Somewhere below, one line contains "Рисунок 7. Руки над головой" and a later line contains "Tabor sredi divjine". Output those two lines and everything between them exactly, and nothing else.
*** Task inputs Section Begins ***
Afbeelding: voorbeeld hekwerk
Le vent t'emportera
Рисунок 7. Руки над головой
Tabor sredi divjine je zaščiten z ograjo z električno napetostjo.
*** Task inputs Section Ends ***
*** Task inputs Section Begins ***
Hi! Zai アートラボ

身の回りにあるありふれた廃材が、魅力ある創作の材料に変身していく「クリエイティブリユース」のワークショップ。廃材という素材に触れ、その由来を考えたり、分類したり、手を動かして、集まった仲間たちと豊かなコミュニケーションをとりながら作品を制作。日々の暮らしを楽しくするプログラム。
*** Task inputs Section Ends ***
*** Task inputs Section Begins ***
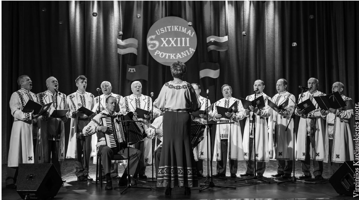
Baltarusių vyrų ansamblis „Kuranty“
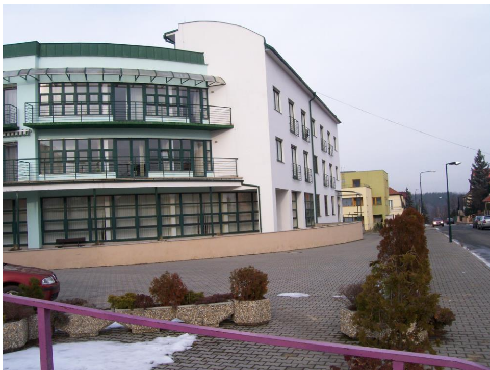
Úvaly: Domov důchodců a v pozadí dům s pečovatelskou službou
*** Task inputs Section Ends ***
Your solution:
Рисунок 7. Руки над головой
Tabor sredi divjine je zaščiten z ograjo z električno napetostjo.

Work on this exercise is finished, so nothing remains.